Wheels 154 rotate about their vertical pivot shafts, controlled through arms and connecting links from handlebars 156 located at each end of base 132. Handlebars 156 are rotatably mounted in horizontal pivot shafts and are preferably inclined slightly at the bottom toward the operator. Each handlebar 156 is connected to one end of a push rod 158 using a spherical bearing. Spherical bearings at the other ends of push rods 158 connect to the actuation levers of respective bell cranks 160 which are affixed to a steering shaft 162 that generally extends the full length of device 130. Steering shaft is rotatably mounted in bearing blocks 164 that are attached to base 132. Another set of bell cranks 166 are affixed to steering shaft 162 proximate each wheel 154. The actuation levers of bell cranks 166 are connected to a spherical bearing in one end of respective push rods 168, and spherical bearings at the other ends of push rods 168 are respectively connected to actuation levers on a third set of bell cranks 170. Bell cranks 170 are affixed to the respective U-shaped frames that support wheels 154. Accordingly, when either handlebar 156 is rotated, its push rod will engage a bell crank 160 to rotate shaft 162 which causes bell cranks 166 to actuate push rods 168 and turn bell cranks 170 which also rotates wheels 154.

When wheels 154 are in forcible contact with the floor with the axles both perpendicular to the length of device 130, it will move ahead in a straight line when pushed at either end. Bell cranks 166 are coupled to bell cranks 170 by push rods 168 in such a manner as to rotate the axles of wheels 154 in opposite directions. For example, as viewed from the top, if the wheel at one end of the chassis base is rotated clockwise (the top wheel 154 in FIG. 11), then the wheel on the opposite end of the machine (the bottom wheel 154 in FIG. 11) rotates counterclockwise. Thus, when a handlebar 156 at either end of the machine is turned about its horizontal pivot shaft, wheels 154 will counter-rotate about their vertical pivot shafts through an equal angle (clockwise for one wheel and counterclockwise for the other wheel). Once wheels 154 are rotated in this manner device 130 can be pushed at either end to turn right or left. As a handlebar 156 is rotated more about its horizontal pivot shaft, device 130 will be able to turn more sharply to the right or left.

This steering mechanism imparts superior maneuverability over a gurney having only four swivel casters at the corners which generally requires operators at each end to carefully control the gurney movement. The steering mechanism of device 130 may be further enhanced by positioning wheels 154 such that they provide a turning path whose center of curvature 172 lies along the transverse centerline 174 of device 130. Wheels 154 are preferably located outside of casters 152, that is, wheels 154 are closer to the ends of device 130 to increase the angle of counter-rotation of the wheels to achieve a smaller turn radius. This feature decreases the side forces on wheels 154 during turning. Wheels 154 are also preferably wider (e.g., 2½″) than casters 152 (e.g., 1¼″), and casters 152 are preferably constructed of a harder material such as polyurethane with around shore 80 hardness while wheels 154 are preferably constructed of a softer material such as polyurethane with around shore 60 hardness to increase traction.

A power drive (not shown) may optionally be provided for center wheels 154, including speed control. The motor(s), linkages and power supply (rechargeable battery) may be stored within the lower interior portion of base 132, with controls mounted near handlebars 156.

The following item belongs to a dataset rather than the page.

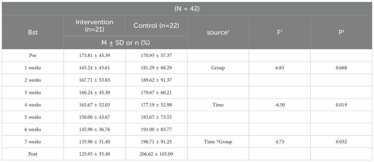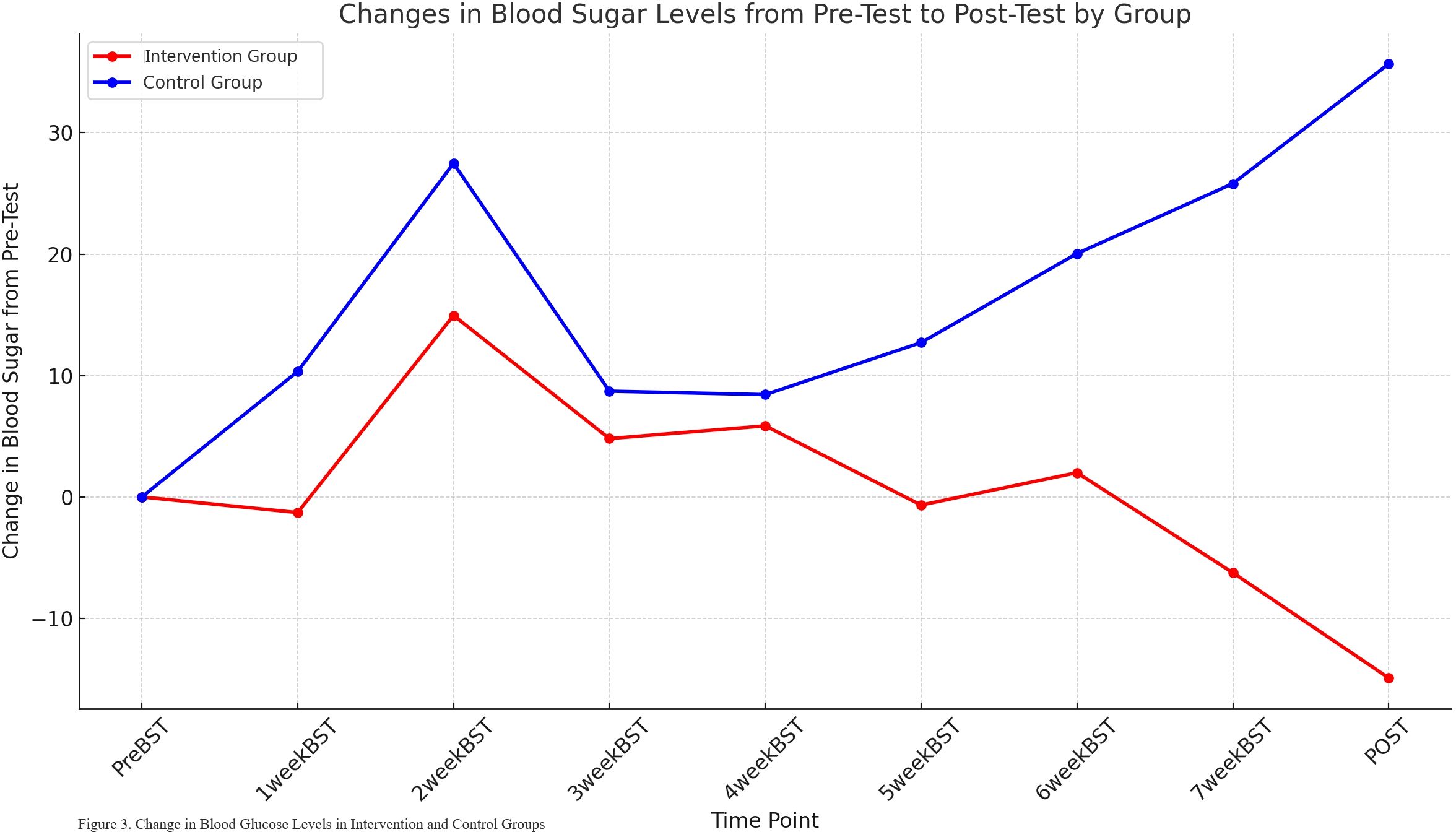 As shown in Table 4, both groups had similar baseline blood glucose levels (intervention: 173.81 ± 45.39 mg/dL vs. control: 170.95 ± 57.37 mg/dL). However, divergent patterns emerged throughout the intervention period. The intervention group demonstrated a consistent downward trend, with blood glucose levels decreasing from baseline (173.81 mg/dL) to post-intervention (125.95 ± 35.40 mg/dL), representing a substantial within-group reduction of 47.86 mg/dL. Conversely, the control group showed a progressive increase from baseline (170.95 mg/dL) to post-intervention (206.62 ± 105.09 mg/dL), indicating a deterioration of 35.67 mg/dL.

In addition to wheels 154 being connected to handlebar steering levers and linkages, they are also coupled to 3-position, foot-operated pedals 180 located at both ends of device 130. Foot pedals 180 are affixed to a lifting/braking shaft 182 that is again rotatably support in bearing blocks 184 attached to base 132. Another set of bell cranks 186 are affixed to lifting/braking shaft 182 proximate each wheel 154. The actuation lever of each bell crank 182 is connected to a spherical bearing at one end of a respective push rod whose other end has a spherical bearing connected to a post formed on the midsection of a lever 188. One end of each lever 188 is pivotally attached to a side of base 132, and the other end of lever 188 is slidably connected to a hollow shaft that is concentric with and inside of the respective vertical pivot shaft of a wheel 154. This end of a lever 188 also abuts a pressure plate affixed to the top end of the vertical pivot shaft that limits the upward movement of the preload spring for raising a wheel 154 off the floor. Thus, as a foot pedal 180 rotates, shaft 182 rotates and the actuation levers of bell cranks 186 cause their respective push rods to raise or lower lever 188.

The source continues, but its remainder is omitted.